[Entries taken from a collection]

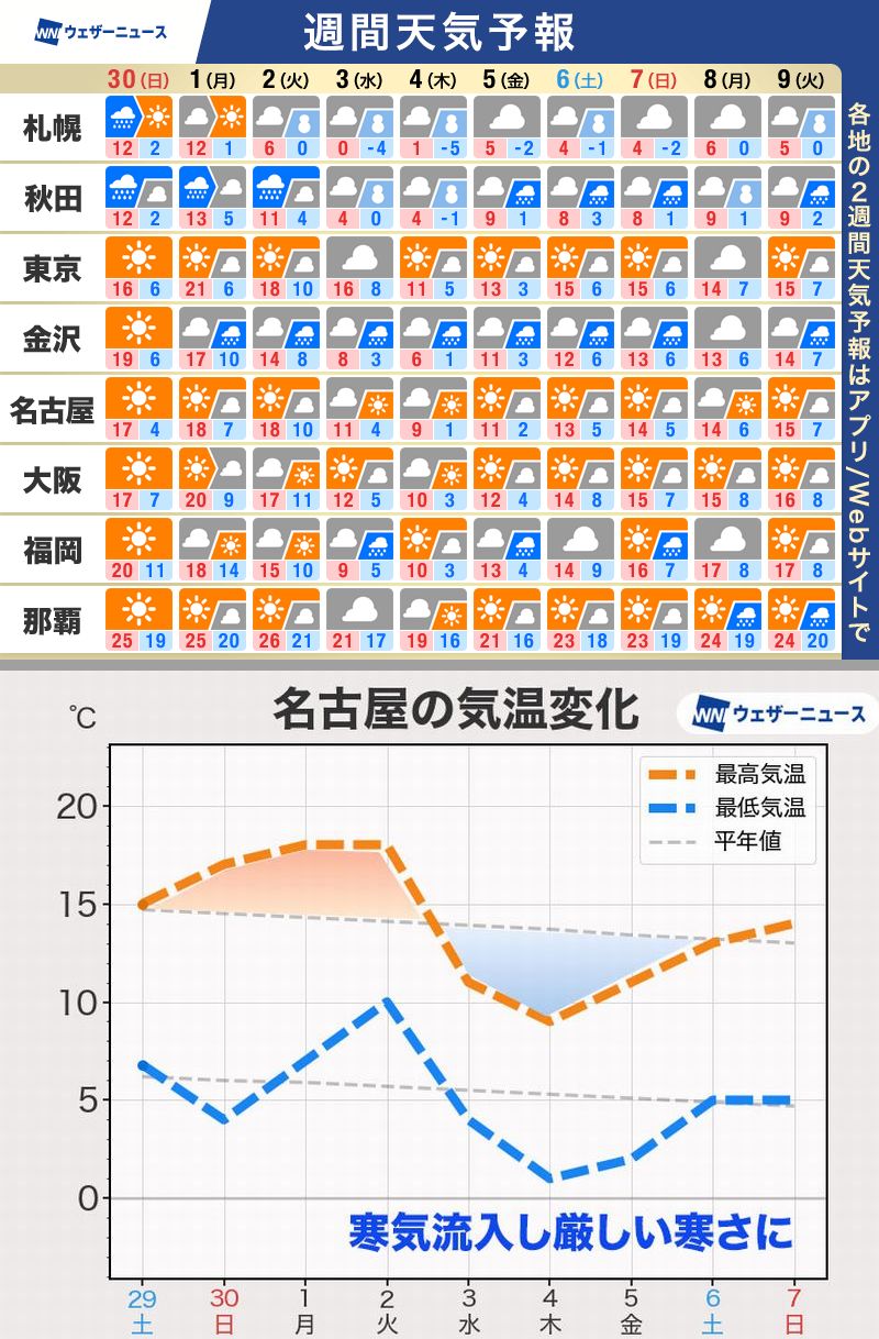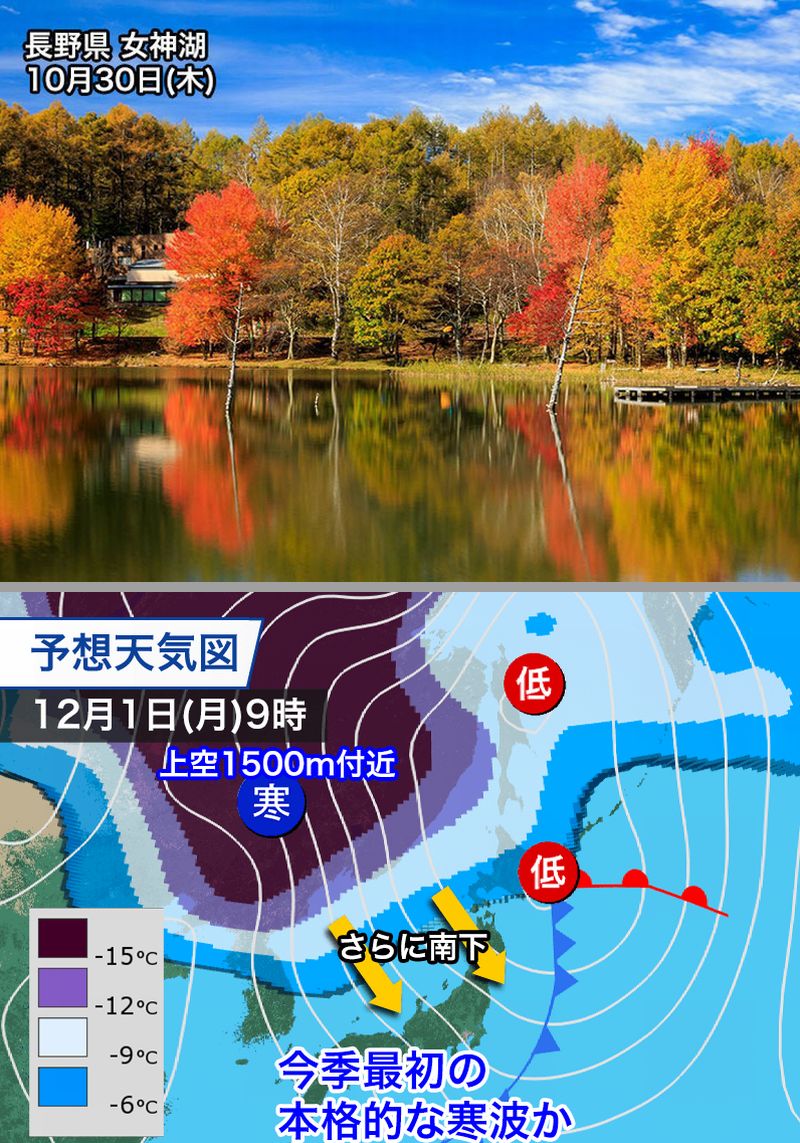 ・来週後半は全国的に平年より寒いの予想が出ています。
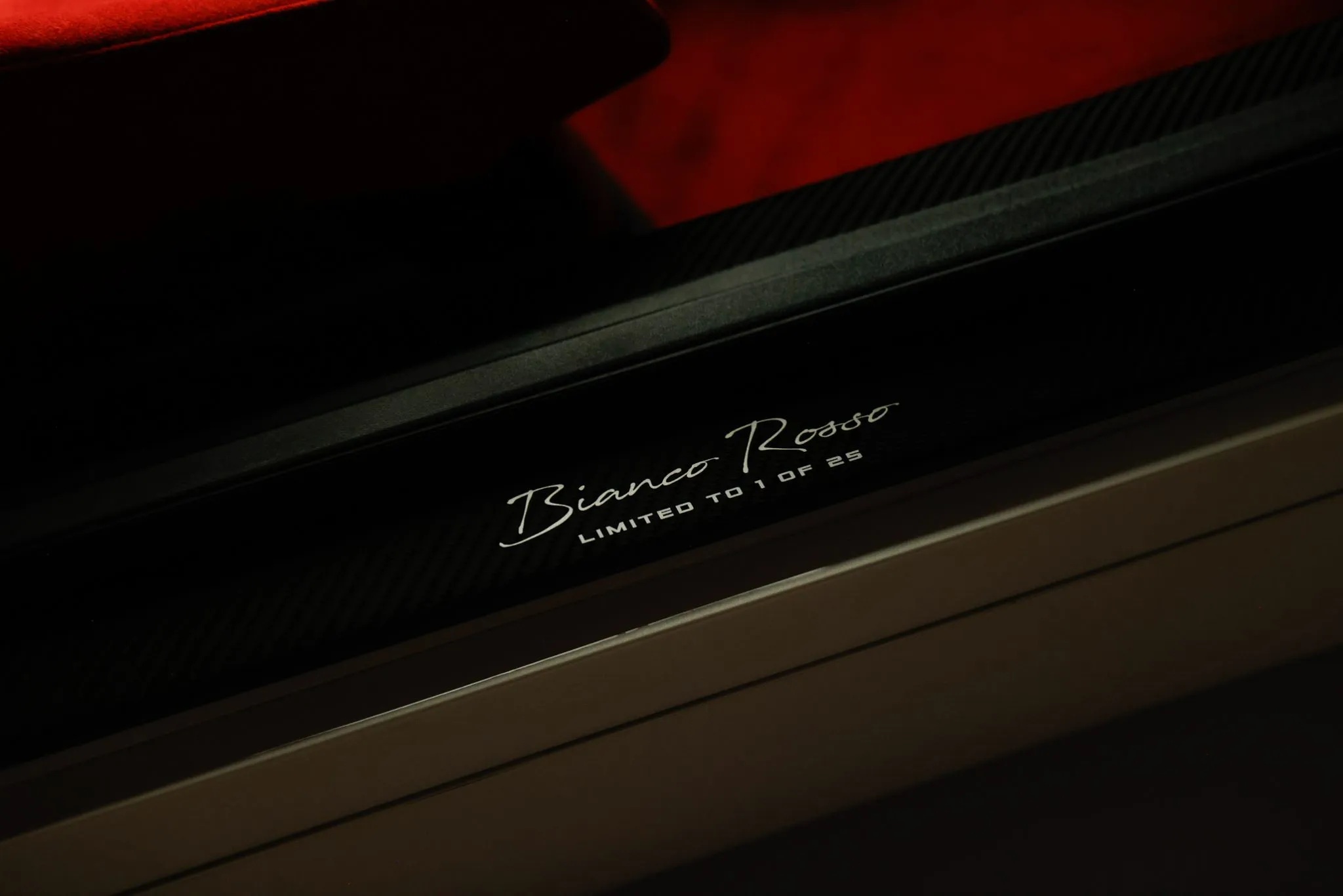 Inside, the Bianco Rosso Commission pairs exposed carbon fiber with red Alcantara and black leather. Carbon-fiber bucket seats provide excellent support and visual drama, while exposed sections of the carbon tub throughout the cabin serve as a constant reminder of the car’s engineering focus.
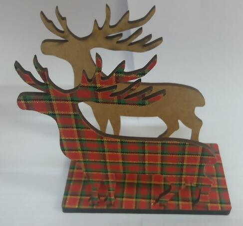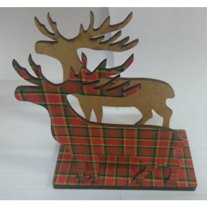 Descrição Porta Guardanapo de Natal Rena com Pé Reto Xadrez Dourado
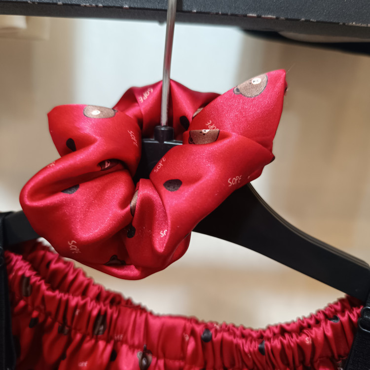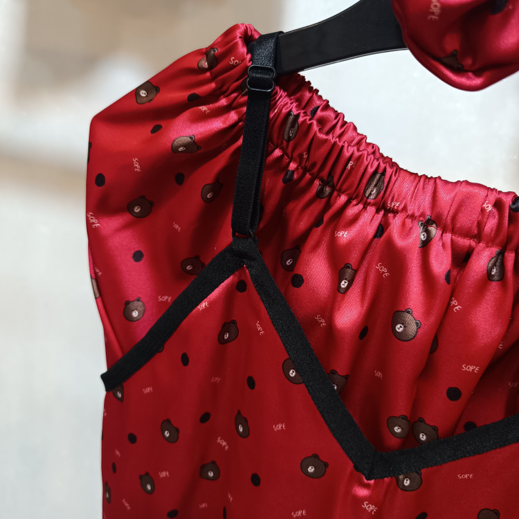 ست سه تیکه ساتن تاپ شورتک طرح تدی قرمز مناسب ۳۶ تا ۴۲
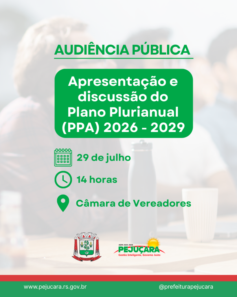 A Administração Municipal, por meio da Secretaria de Administração, torna público a realização de Audiência Pública para a apresentação e discussão do Plano Plurianual 2026-2029, que irá ocorrer no dia 29 de julho de 2025, às 14 horas, na Câmara de Vereadores de Pejuçara.
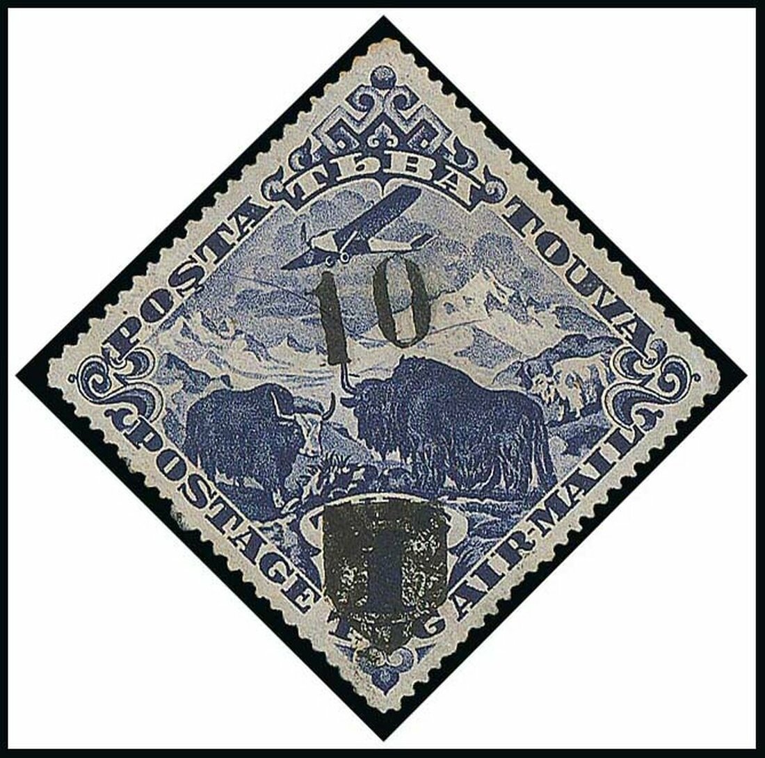 10k. on airmail 1t. royal blue unused without gum, some minor faults but an extremely rare stamp of which just a handful genuine stamps are known. Scott 104. Photo
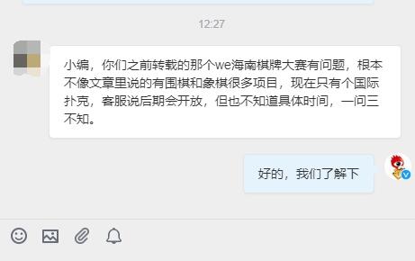 不久前,新浪棋牌曾转载了一篇人民网发布的《2020年“WE海南全民棋牌大赛”在海口正式启动》消息,本以为是又是一项全国性的线上智力运动大赛,谁知近日却接到网友举报,这项比赛涉嫌虚报项目,赛程不明,有些不正规。
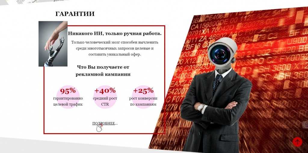 Гарантии на лидирующие позиции. Это сомнительное достижение, поскольку позиции зависят от максимальной цены за клик на аукционе, которой управляет специалист.
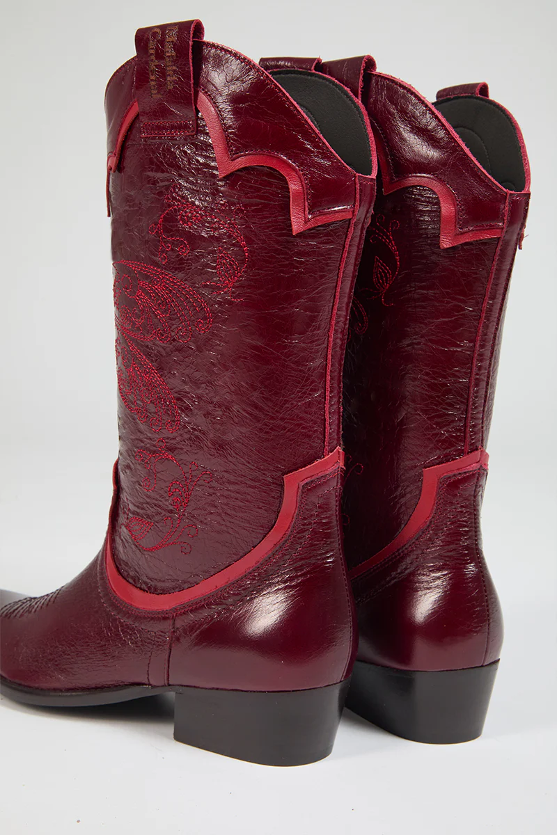 Bota cowboy hecha especialmente para el tour "Mis notas de voz" de Mafalda Cardenal en su gira por Latinoamérica y España. Un diseño clásico tejano con bordados de la libélula, sello de identidad del último disco de la cantante.
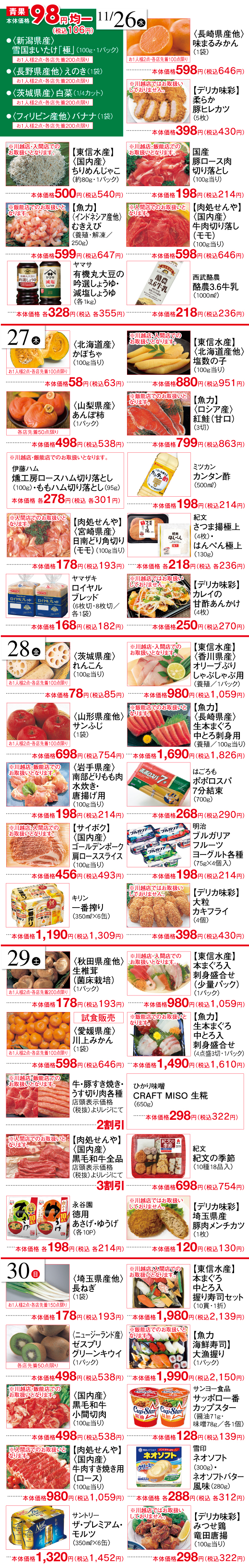 ●2025年11月26日(水)~2025年11月30日(日)まで●食料品
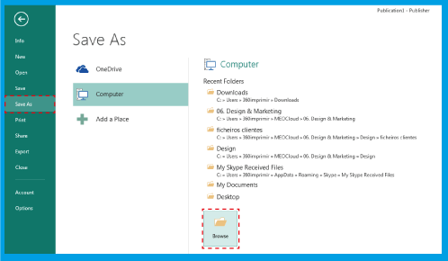 .V oknu, ki se bo odprlo, izberite shranjevanje v .
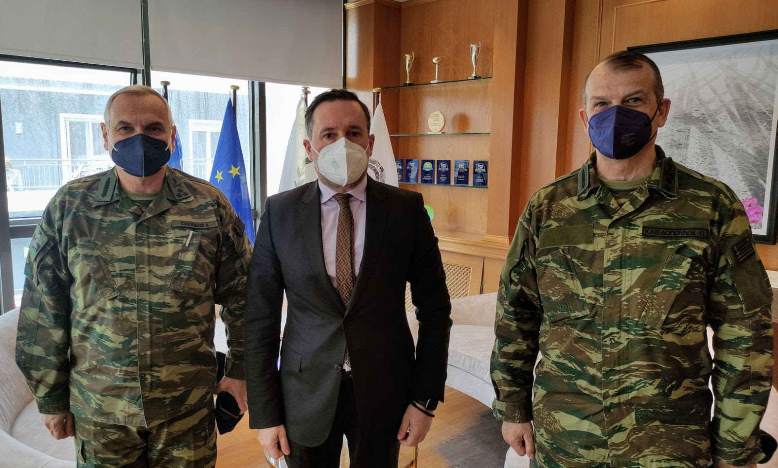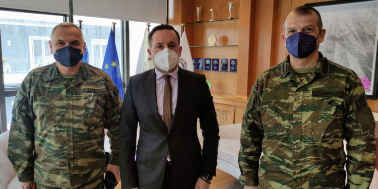 Τον Δήμαρχο Αλεξανδρούπολης Γιάννη Ζαμπούκη επισκέφτηκε σήμερα στο γραφείο του ο νέος Διοικητής του Δ’ Σώματος Στρατού, Αντιστράτηγος Ιωάννης Τσιόπλος συνοδευόμενος από τον Διοικητή της 12ης Μεραρχίας Πεζικού “ΕΒΡΟΣ”, Υποστράτηγο Παναγιώτη Καβιδόπουλο.
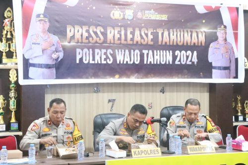 Kapolres AKBP Rosid didampingi pejabat Polres Wajo mengucapkan terimakasih atas kehadiran dan kesediaan para wartawan media cetak, elektronik dan online di Kabupaten Wajo.
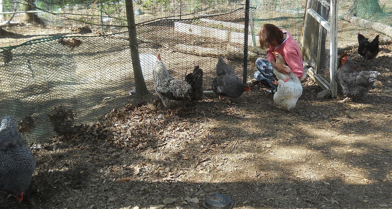And some of the mothers of the chicks with my friend who was visiting this weekend (BR hens only). Click to see them better.
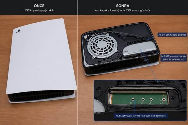 PS5 içine uygun bir PCIe 4.0 M.2 SSD takabilirsiniz. Üstelik yan kapakları açıp bu yükseltmeyi yapmak garanti dışı kalmak anlamına gelmez.
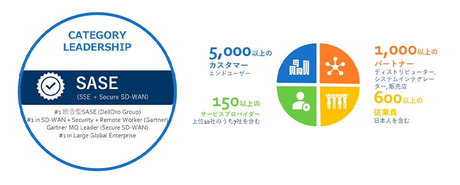 Versa Networksは、世界に先駆けてSD-WANやSASEの導入を進めているアメリカのベンダーで、SASEの概念が登場する以前から、SSEとSD-WANを統合したソリューションの開発を行ってきました。2022年にはアメリカのIT分野の調査会社であるガートナー社が出したレポートでSASE市場のリーダーとして選出されています。Versa Networksは、AdobeやSAMSUNGなどのグローバル企業にも採用されており、世界中で高い信頼を得ているベンダーの一つとなっています。
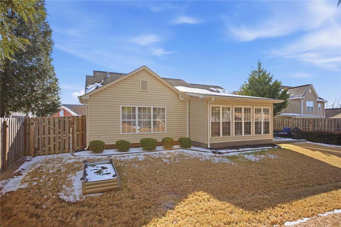 Located in the desirable Oaks at Rock Springs, this move-in-ready, one and a half level home offers 3 bedrooms, 2 baths, a cozy heated and cooled sunroom PLUS a bonus room above the garage. The floor plan features a spacious living room with a gas log stone fireplace, updated flooring, and a formal dining room with a tray ceiling. Several rooms have been freshly painted, giving the home a bright, updated feel. The primary suite has a tastefully remodeled bathroom with double vanities, a walk-in closet, and a separate tub and shower, while the hall bath has beautiful ivory marble. Built in 2005, the home also includes a roof installed in 2012, an electric heat pump HVAC system installed in 2020, public water and sewer, and attractive landscaping with great curb appeal. The backyard is fenced-in. The community HOA includes a pool with annual dues of $438, and the home is conveniently located near shopping, dining, medical facilities, entertainment, interstate access, and the airport.
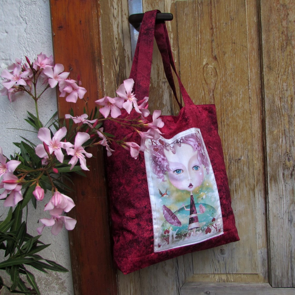 taška ušitá z bavlněné mramorované látky v červenou růžovo černých odstínech

* Problem to solve
Reproduce the records, all of them, word for word; omit the pictures.

* Response to the task
 ・来週後半は全国的に平年より寒いの予想が出ています。
 Inside, the Bianco Rosso Commission pairs exposed carbon fiber with red Alcantara and black leather. Carbon-fiber bucket seats provide excellent support and visual drama, while exposed sections of the carbon tub throughout the cabin serve as a constant reminder of the car’s engineering focus.
 Descrição Porta Guardanapo de Natal Rena com Pé Reto Xadrez Dourado
 ست سه تیکه ساتن تاپ شورتک طرح تدی قرمز مناسب ۳۶ تا ۴۲
 A Administração Municipal, por meio da Secretaria de Administração, torna público a realização de Audiência Pública para a apresentação e discussão do Plano Plurianual 2026-2029, que irá ocorrer no dia 29 de julho de 2025, às 14 horas, na Câmara de Vereadores de Pejuçara.
 10k. on airmail 1t. royal blue unused without gum, some minor faults but an extremely rare stamp of which just a handful genuine stamps are known. Scott 104. Photo
 不久前,新浪棋牌曾转载了一篇人民网发布的《2020年“WE海南全民棋牌大赛”在海口正式启动》消息,本以为是又是一项全国性的线上智力运动大赛,谁知近日却接到网友举报,这项比赛涉嫌虚报项目,赛程不明,有些不正规。
 Гарантии на лидирующие позиции. Это сомнительное достижение, поскольку позиции зависят от максимальной цены за клик на аукционе, которой управляет специалист.
 Bota cowboy hecha especialmente para el tour "Mis notas de voz" de Mafalda Cardenal en su gira por Latinoamérica y España. Un diseño clásico tejano con bordados de la libélula, sello de identidad del último disco de la cantante.
 ●2025年11月26日(水)~2025年11月30日(日)まで●食料品
 .V oknu, ki se bo odprlo, izberite shranjevanje v .
 Τον Δήμαρχο Αλεξανδρούπολης Γιάννη Ζαμπούκη επισκέφτηκε σήμερα στο γραφείο του ο νέος Διοικητής του Δ’ Σώματος Στρατού, Αντιστράτηγος Ιωάννης Τσιόπλος συνοδευόμενος από τον Διοικητή της 12ης Μεραρχίας Πεζικού “ΕΒΡΟΣ”, Υποστράτηγο Παναγιώτη Καβιδόπουλο.
 Kapolres AKBP Rosid didampingi pejabat Polres Wajo mengucapkan terimakasih atas kehadiran dan kesediaan para wartawan media cetak, elektronik dan online di Kabupaten Wajo.
And some of the mothers of the chicks with my friend who was visiting this weekend (BR hens only). Click to see them better.
 PS5 içine uygun bir PCIe 4.0 M.2 SSD takabilirsiniz. Üstelik yan kapakları açıp bu yükseltmeyi yapmak garanti dışı kalmak anlamına gelmez.
 Versa Networksは、世界に先駆けてSD-WANやSASEの導入を進めているアメリカのベンダーで、SASEの概念が登場する以前から、SSEとSD-WANを統合したソリューションの開発を行ってきました。2022年にはアメリカのIT分野の調査会社であるガートナー社が出したレポートでSASE市場のリーダーとして選出されています。Versa Networksは、AdobeやSAMSUNGなどのグローバル企業にも採用されており、世界中で高い信頼を得ているベンダーの一つとなっています。
 Located in the desirable Oaks at Rock Springs, this move-in-ready, one and a half level home offers 3 bedrooms, 2 baths, a cozy heated and cooled sunroom PLUS a bonus room above the garage. The floor plan features a spacious living room with a gas log stone fireplace, updated flooring, and a formal dining room with a tray ceiling. Several rooms have been freshly painted, giving the home a bright, updated feel. The primary suite has a tastefully remodeled bathroom with double vanities, a walk-in closet, and a separate tub and shower, while the hall bath has beautiful ivory marble. Built in 2005, the home also includes a roof installed in 2012, an electric heat pump HVAC system installed in 2020, public water and sewer, and attractive landscaping with great curb appeal. The backyard is fenced-in. The community HOA includes a pool with annual dues of $438, and the home is conveniently located near shopping, dining, medical facilities, entertainment, interstate access, and the airport.
 taška ušitá z bavlněné mramorované látky v červenou růžovo černých odstínech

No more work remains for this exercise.